Tuesday, January 26, 2010

Thoughts From Catching Up With An Old Friend

I just got off the phone with a close friend of mine from the end of high school and the first few years of college. We haven't spoken in some time, he's been married and is now divorced with a young daughter, but his is one of those voices that I think will always make me smile and bring back fond memories. But speaking with him also reminded me of how far I have drifted from the "expected" path, from the fairly typical path taken by someone of my generation in my location in the world. And it reminded me of how crazy I think that "expected" path is making people.

The lyrics of the song "Suspicious Minds" keep coming to mind, voiced by Dwight Yoakam in my head, "Caught in a trap, Can't walk out...".

Nearly all of my closest friends have succumbed to the modern western trap. I guess it should not even be called western anymore, since our style of insider capitalism has spread throughout most of the world. But I digress.

It pains me to see so many of those who have been close to me, so deeply attached to an unnatural corporate/industrial existence. They are programmed by their televisions and the billboards that are nearly unavoidable. They are jaded parents, passing on their habits (usually concentrated) to their children, guiding them right into their own little cages (complete with exercise wheel!). They mean well for the most part, yet it is too easy to remain asleep, to ignore the fact that they are constantly driven to commodify every aspect of life, down to the very basic needs.

And then there is the fact that "the system" is set up to punish those who refuse to take the bait, who refuse to stay in their cage. Certainly anti-social behavior, especially that which is inherently harmful or destructive, should be dealt with but we have obviously reached the point of ridiculousness. Anyone following the tribulations of the Ontario farmer who makes raw milk available to those who want it must surely agree that this point has been reached.

And if we have reached that point, perhaps we have already begun the long slow swing back towards common sense and balance. People ARE returning the land, perhaps at a more sustainable pace than was seen during the 70's. It is my hope that this will continue and even increase; that we will explore ways to use permacultural type techniques in order to allow a higher density rural population all the while managing impact on nature.

I sure hope that some of these dear friends of mine are able to find the strength make some of these priority shifts. I wonder if that is overly selfish of me.


linda said...

I don't think its selfish to wish the best for others. Isn't that all you really want?
I also struggle with friends who for the life of them, cannot understand why we bought a small farm! Some are just proud becuase we bought it for a good price and they are evaluating the return we can get if real estate stabilized again. They say, "but you're too much of a city girl!" And ask, "Is it close to any large cities so you can have the best of both worlds?"
Missing the point completely.
And these are my "enlightened" friends from my S.F childhood, very green upbringing and education out there in our childhood!!!!!
I don't know what to say other than you are not alone. We are a minority. One day, we may not be but for now, think of yourself as a forerunner who is paving the way for others:)

Anna said...

I know exactly what you mean! Most of my college friends are off in mainstream America, and we have so little in common now. A friend of a friend asked me a couple of years ago what I was so afraid of that I had to move back to the land --- he couldn't seem to entertain the notion that someone would want to homestead for the love of it rather than through fear of some apocalypse.

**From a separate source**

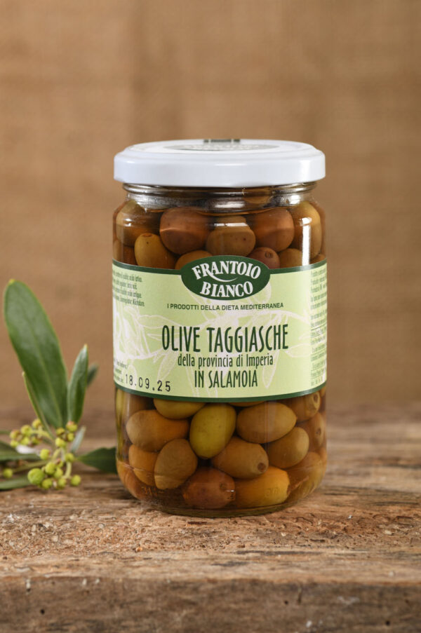 Das Original aus Ligurien: Ganze Feinschmecker-Olive in Salzlake. Beste Taggiasche Oliven aus dem Anbaugebiet Taggia.

It sure does help to stay out of the mainstream by getting rid of the TV...

Aimee said...

This was an interesting and timely post for me. I spent this past weekend visiting an old friend, too - and she's a very bright, thoughtful, independent, and creative individual, but nonetheless she has followed a much more conventional path than I have. We sort of got into a small argument about the merits of a traditional four-year degree versus forging a unique educational path...

I ended up thinking and feeling that I was the one who had drifted quite far from the mainstream, and questioning my choices - have I surrendered my right to influence society? Have I given up on the belief in communal democracy? Am I giving up by dropping out of the system? Will the world move on without me?

On the other hand, I feel so much freer.

Can't finish this thought- husband wants the computer. Later

Jerry said...

Thanks Linda, that's just what I try to do! Just gets rather lonely.

Anna, I often think of getting rid of my satellite account but I just can't part with hockey through the long winter...

Aimee, I sure as hell don't feel as though I am surrendering my influence over society. Actually, I'm demanding my right to it, I feel. I think we all are.

Thank you all three for the thoughtful comments and sharing.

MoonRaven said...

I also hope that some of your friends are able to find the strength to make priority shifts. As Linda said, it isn't selfish to wish the best for others. And I know, in fact most of those who read this blog and my blog and similar blogs know, that not only is it hard to pull out of the capitalist/consumerist/industrial trance, but the full force of society is weighed against it. We who have are marginalized.

May you get some strong support for all you do--and maybe, as things get rougher, some of your friends will look to the way that you live and have some second thoughts about the ways that they live.

I'm sorry I've been absent from your blog a while, but I too have been busy...

Keep writing this good stuff and keep doing all the good things that you do.